Brief:
Return nothing but the lines from the one containing "Bedroom 1: King-size" through the end of the records below, exactly as they stand and without pictures.

Dataset items
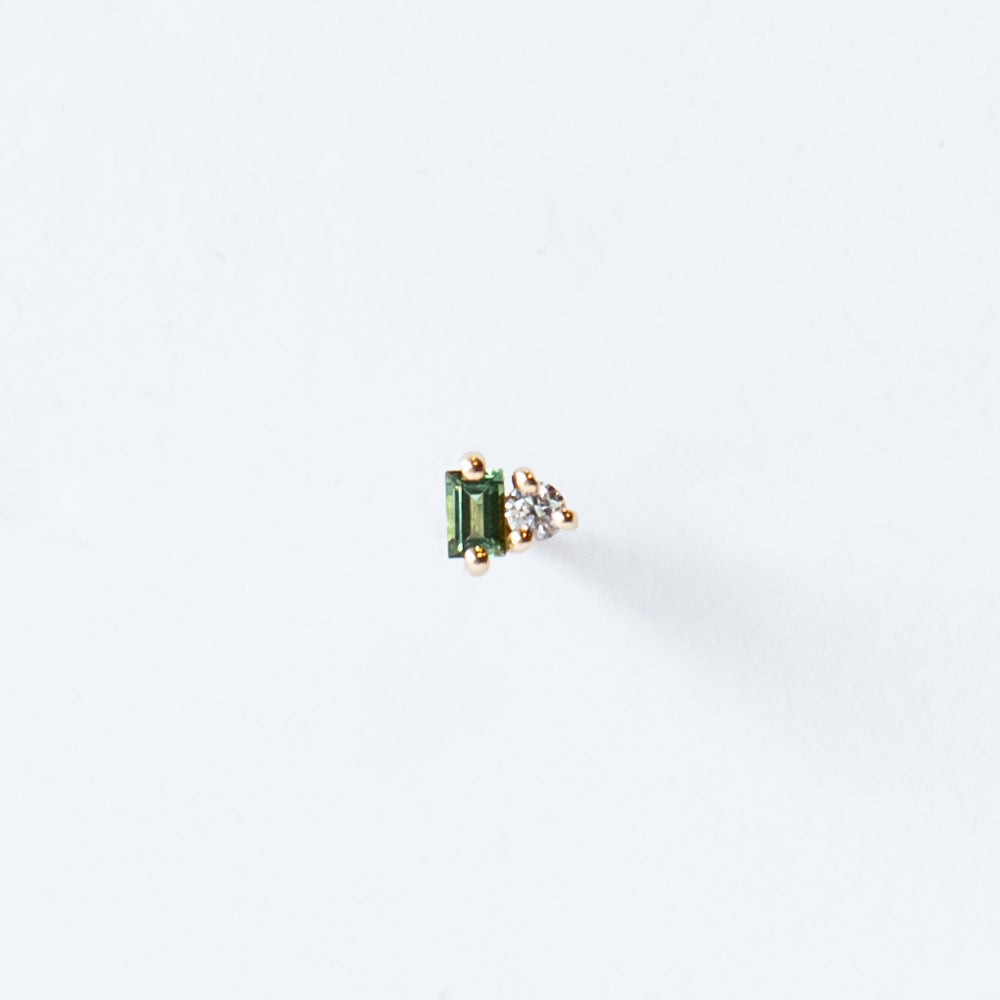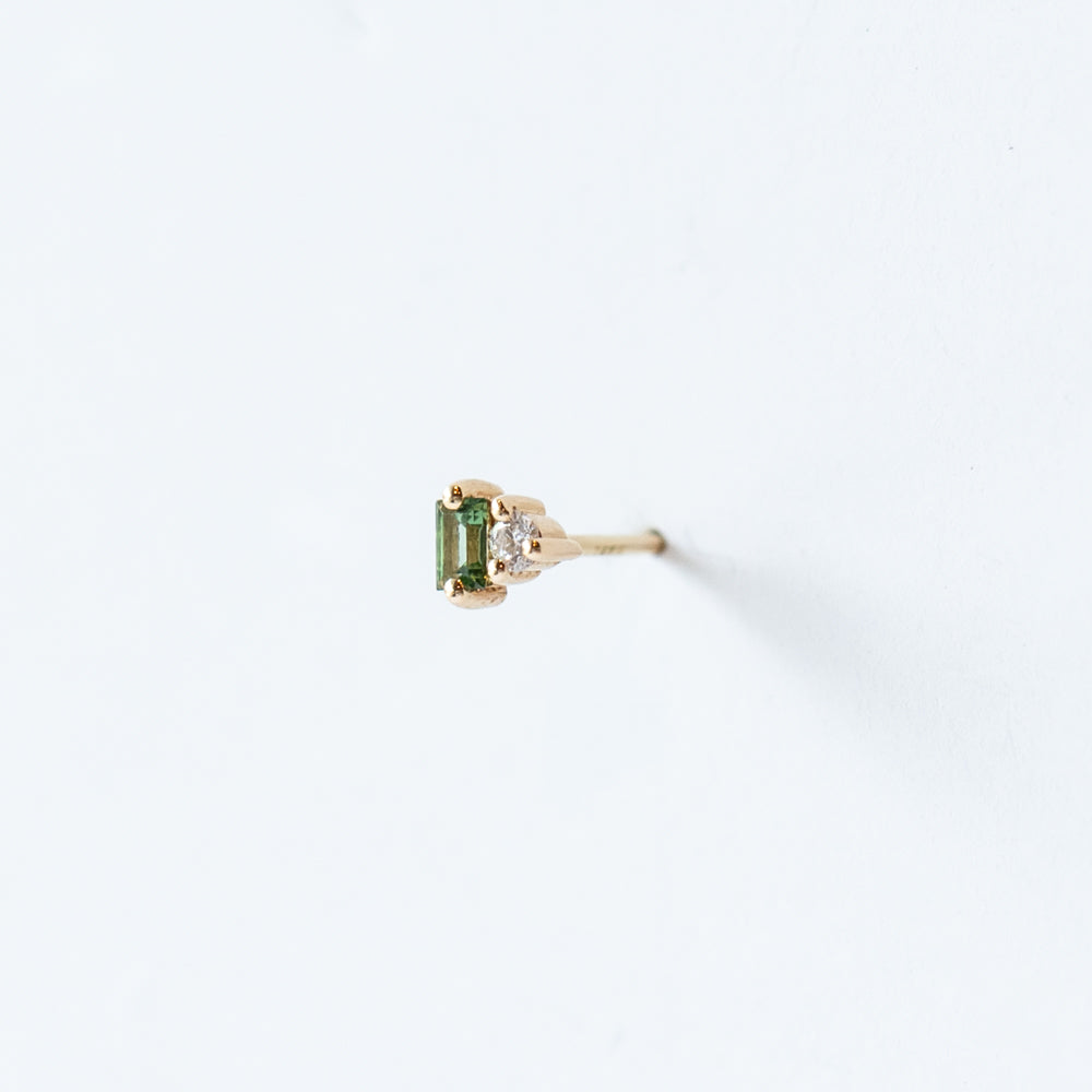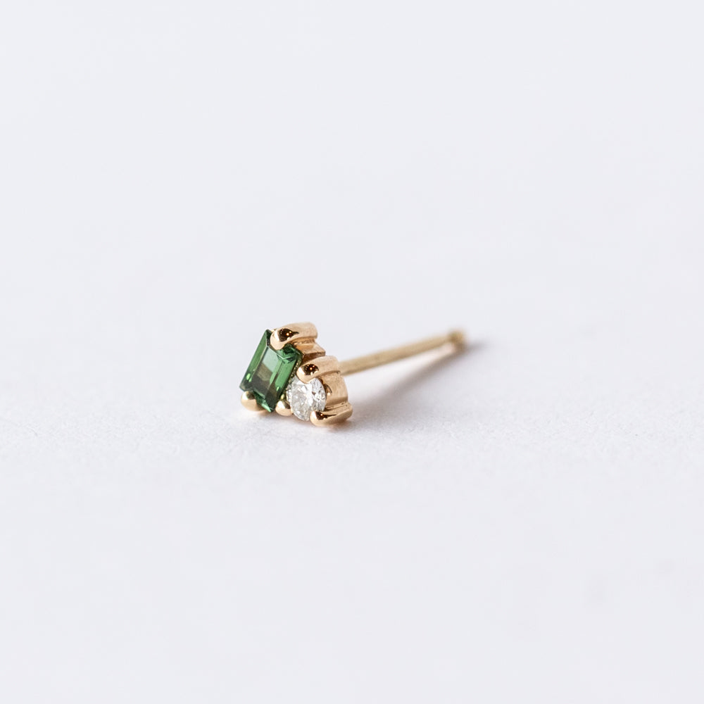 Like the architectural lines it’s inspired by, the Column Stud Earring by Wwake brings refined structure to your ear stack. Crafted in 14k yellow gold, this single stud pairs a crisp baguette-cut green tourmaline with a tiny round white diamond for a fresh pop of color and sparkle. It’s a nod to traditional masonry, but make it mini and oh-so-modern.
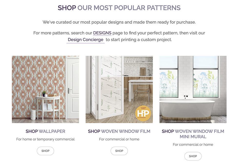 When Design Pool launched, Kristen always knew that one day she wanted to add the option to shop directly from the site. This year that finally happened with the launch of Shop Direct. Shop our most popular patterns on window film and peel-and-stick wallpaper.
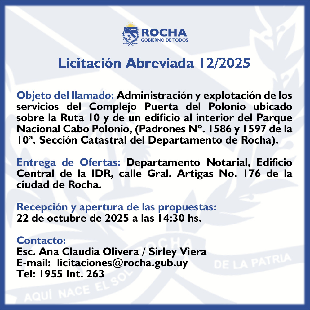 Contacto: Ana Claudia Olivera- E-mail: licitaciones@rocha.gub.uy
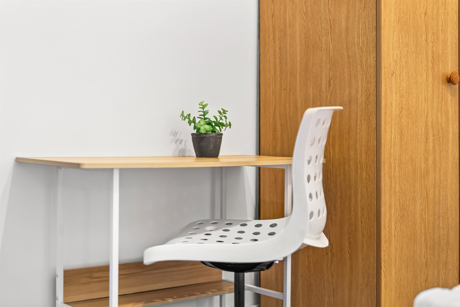 Bedroom 1: King-size zip & link bed (can be separated into two singles) with ergonomic workspace desk and chair
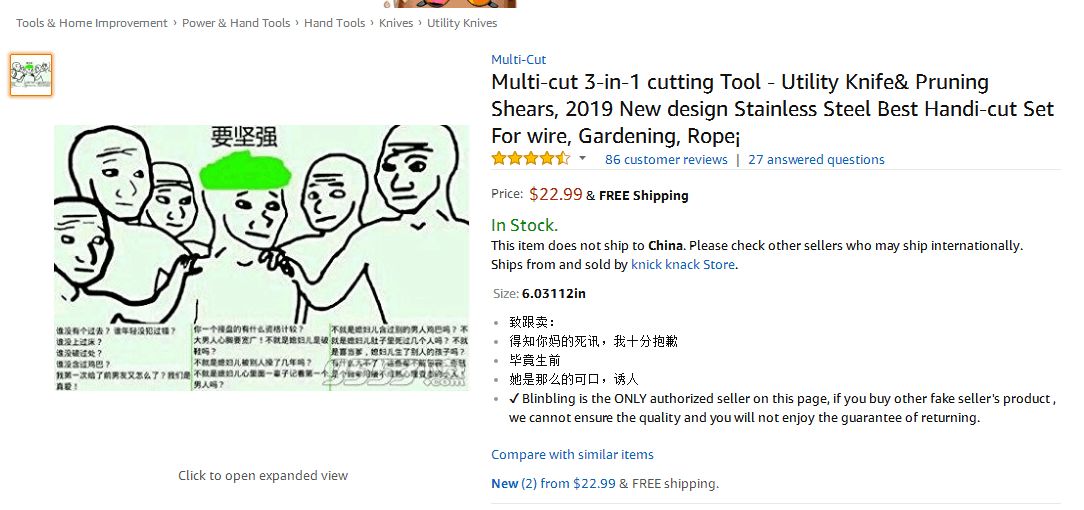 还有下面这款小工具产品,因为被跟卖,图片生生被修改成了“要坚强”:
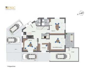 1. Sekretariat und Geschäftsführerbüro mit kleiner Terrasse inklusive Garage (ca. 34m2) und eigenem Stellplatz:
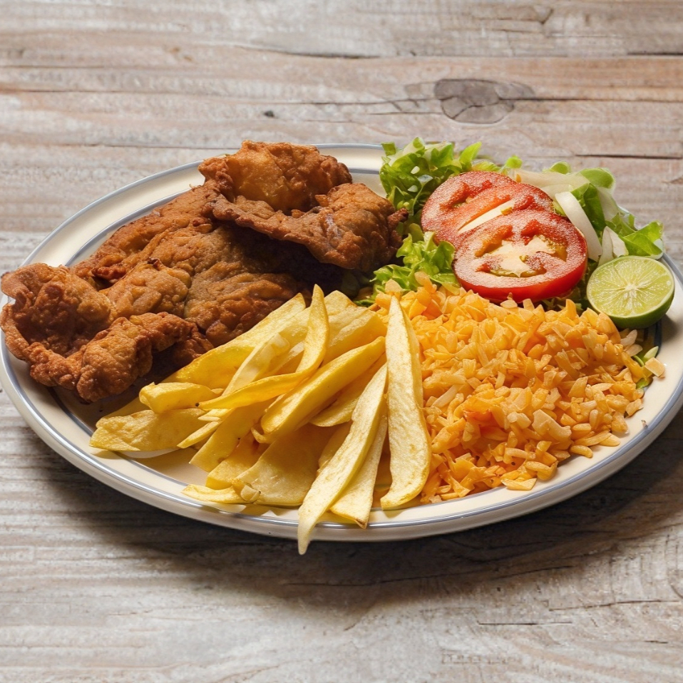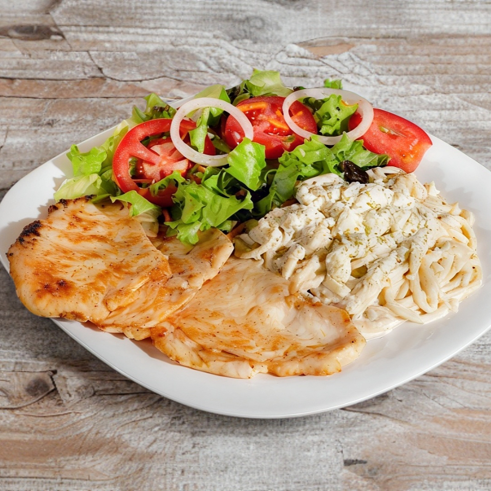 Contiene: pollo a la plancha acompañado con spaghetti o arroz y ensalada.

Answer section:
 Bedroom 1: King-size zip & link bed (can be separated into two singles) with ergonomic workspace desk and chair
 还有下面这款小工具产品,因为被跟卖,图片生生被修改成了“要坚强”:
 1. Sekretariat und Geschäftsführerbüro mit kleiner Terrasse inklusive Garage (ca. 34m2) und eigenem Stellplatz:
 Contiene: pollo a la plancha acompañado con spaghetti o arroz y ensalada.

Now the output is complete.